| ABOUT THIS EXERCISE |
Retype exactly the span of lines below from the one with "FRANSIZ. LİMOGES CASTEL" through the one with "프로야구 롯데 자이언츠가". Do not include pictures.

| SUPPLIED RECORDS |
------------------------------
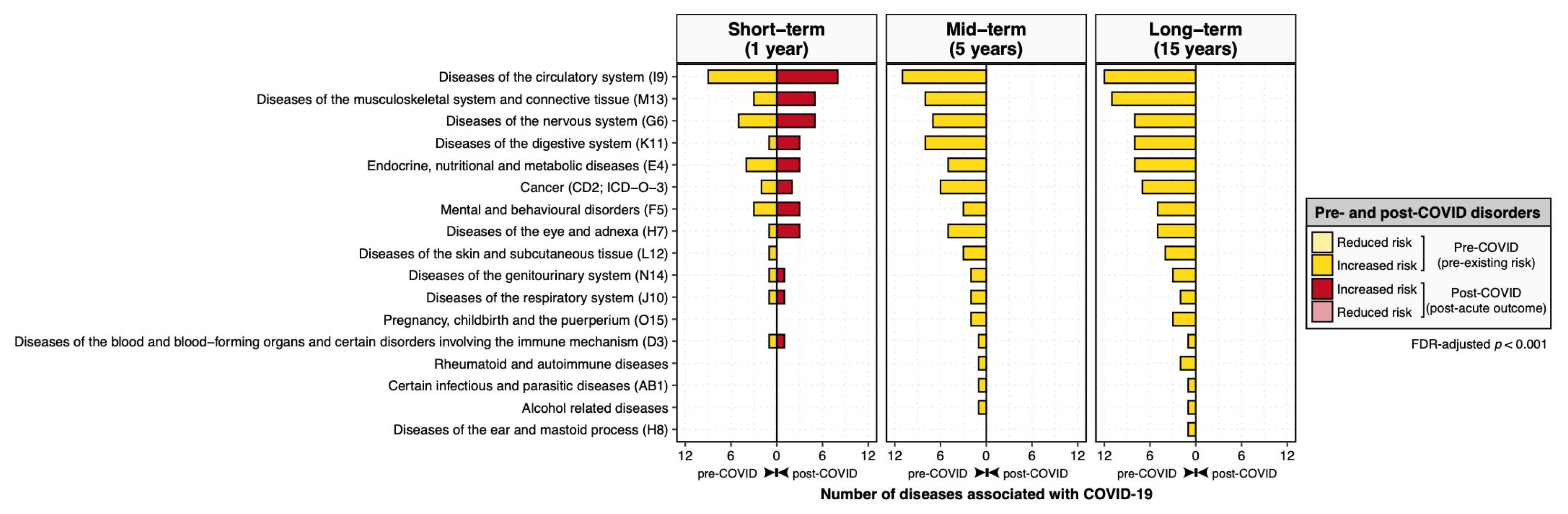 These extensive associations underscore the systemic nature of COVID-19, highlighting its capacity to affect nearly every major organ system. Furthermore, the results provide critical insight into the long-term health burdens attributable to COVID-19, extending well beyond the acute phase of infection and shedding light on the complex pathophysiological consequences that persist in the long-term recovery phase.
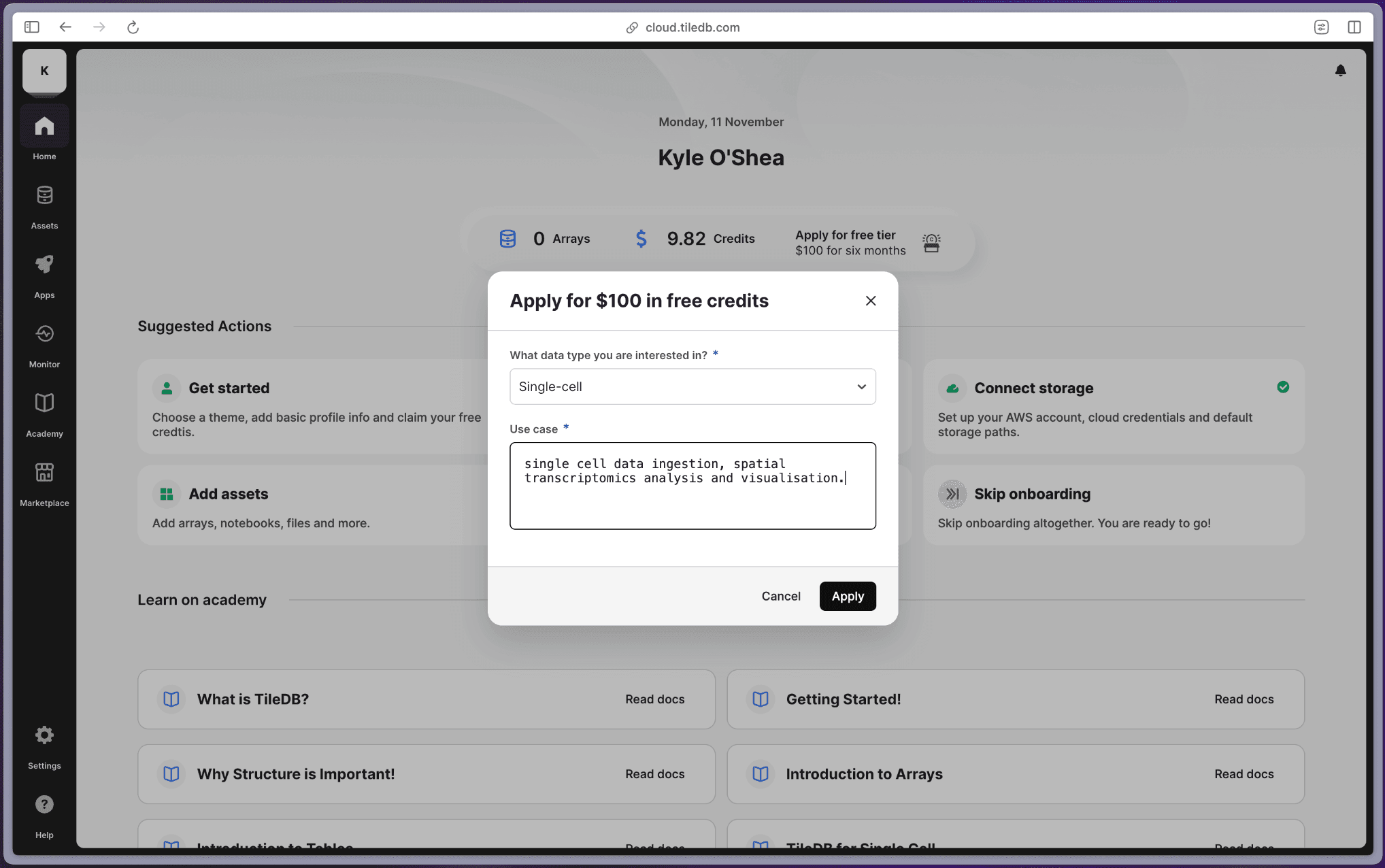 We have launched a new free tier for individual users on TileDB Cloud SaaS! This tier entails $100 in free credits for 6 months. This is a great opportunity for new users, to give you a chance to evaluate the product & all functionality in full, without having to worry about billing, and until you are ready to talk to our sales team.
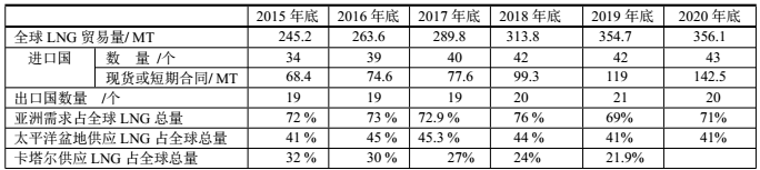 2015~2020年全球LNG關鍵數(shù)據(jù)
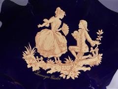FRANSIZ. LİMOGES CASTEL İMALAT DAMGALI. OVAL FORMLU. TABAK İÇİ FİGÜRLERLE , TABAK ÇEVRESİ ALTIN YALDIZ EL DEKORLU. 20-28 CM.
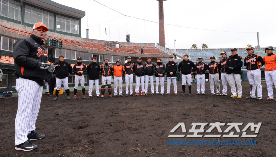 프로야구 롯데 자이언츠가 28일 훈련장인 가모이케 구장에서 자체 청백전을 가졌다. 이종운 감독이 경기를 마친 선수들에게 시상을 하고 있다. 가고시마(일본)=최문영 기자 deer@sportschosun.com /2015.02.28/ |
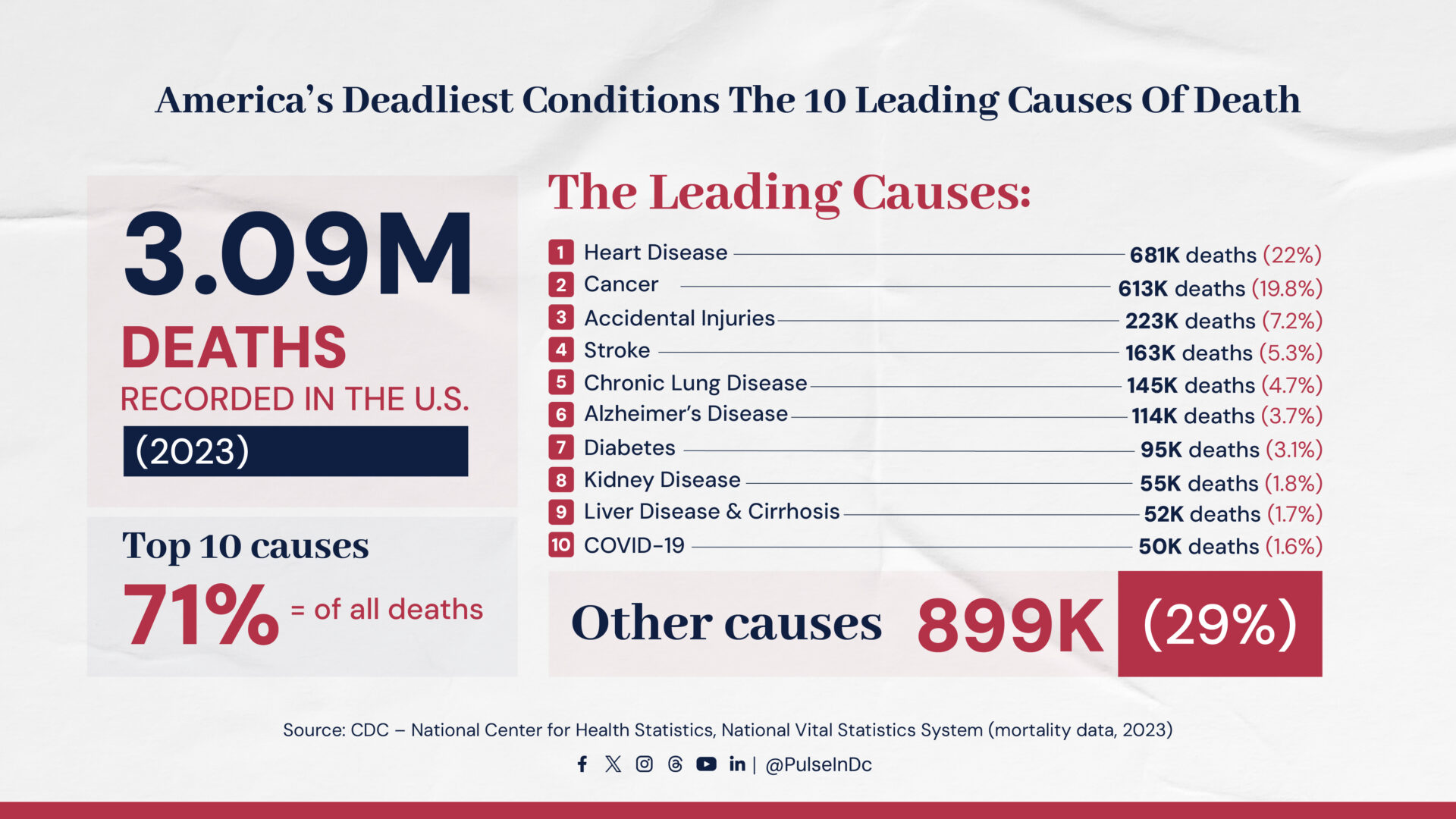 Heart disease and cancer remain the leading causes of death in the United States, according to new CDC data, showing that the top 10 causes together account for over 70% of all U.S. fatalities in 2023.
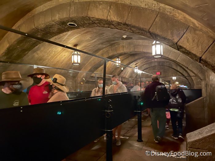 We’re seeing plexiglass EVERYWHERE in the parks these days, and we noticed that Pirates of the Caribbean recently got a plexiglass addition, too, in its queue.
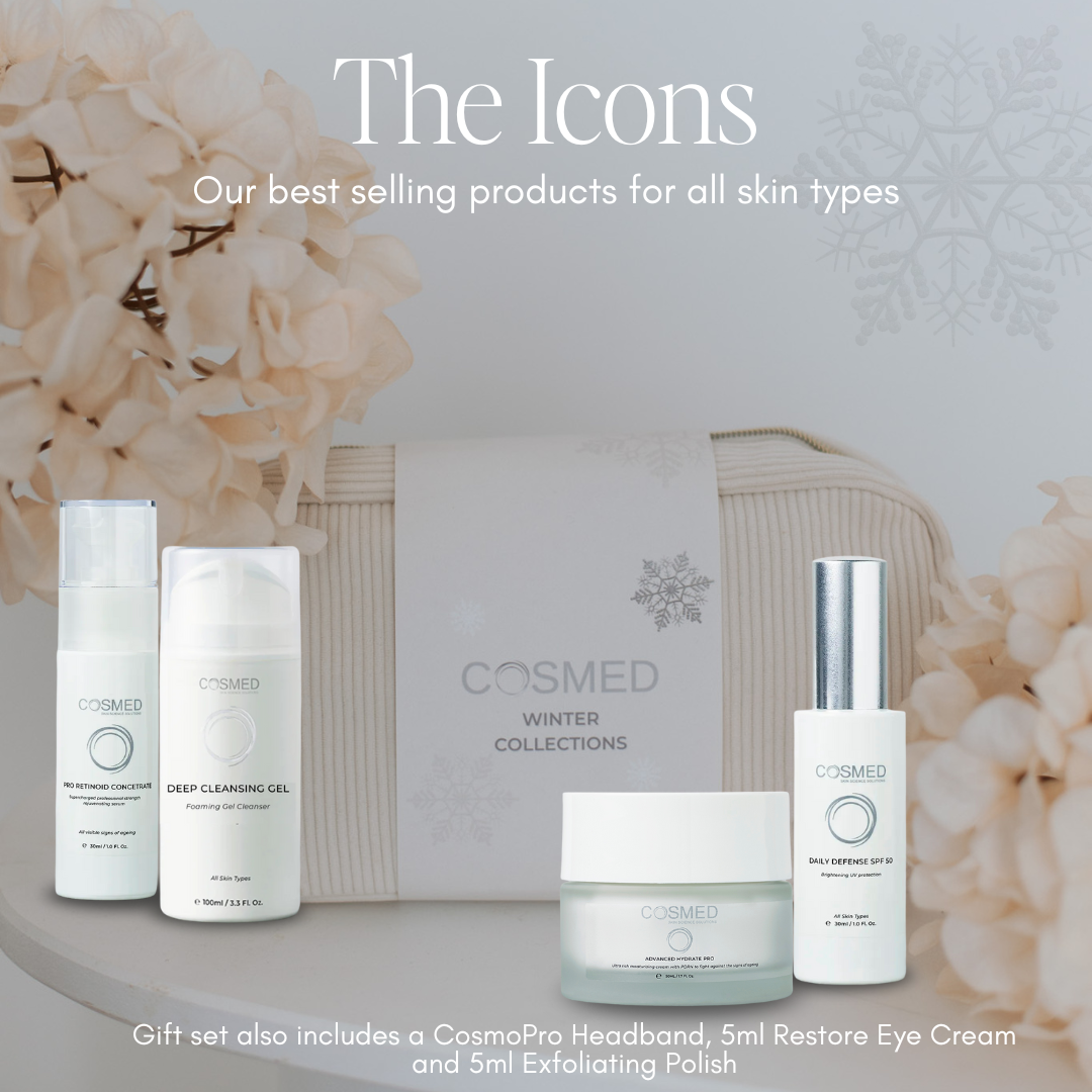 Gift set also includes a CosmoPro Headband, 5ml Restore Eye Cream and 5ml Exfoliating Polish
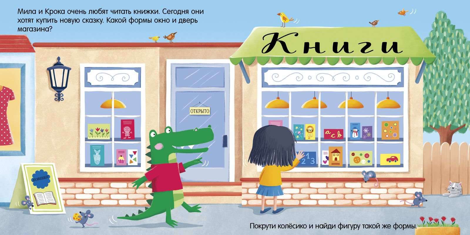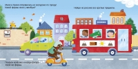 Здания, машинки, вывески на магазинах помогут выучить цвета и формы, а яркие картинки не дадут заскучать.
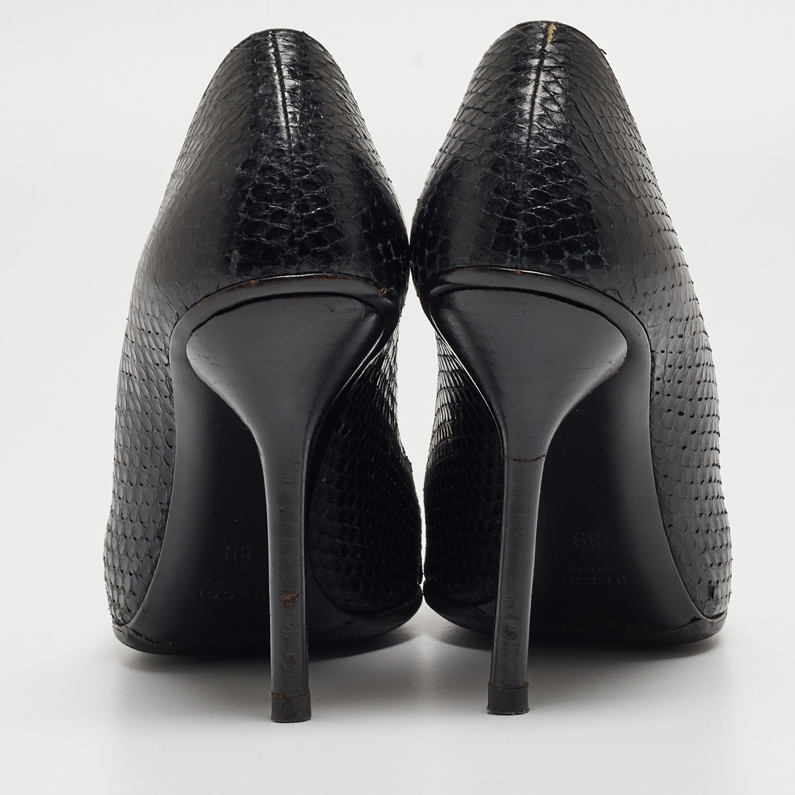 Gucci Black Python Horsebit Open Toe Pumps 38.5 - Image 3
------------------------------
| FINISHED EXERCISE |
FRANSIZ. LİMOGES CASTEL İMALAT DAMGALI. OVAL FORMLU. TABAK İÇİ FİGÜRLERLE , TABAK ÇEVRESİ ALTIN YALDIZ EL DEKORLU. 20-28 CM.
 프로야구 롯데 자이언츠가 28일 훈련장인 가모이케 구장에서 자체 청백전을 가졌다. 이종운 감독이 경기를 마친 선수들에게 시상을 하고 있다. 가고시마(일본)=최문영 기자 deer@sportschosun.com /2015.02.28/ |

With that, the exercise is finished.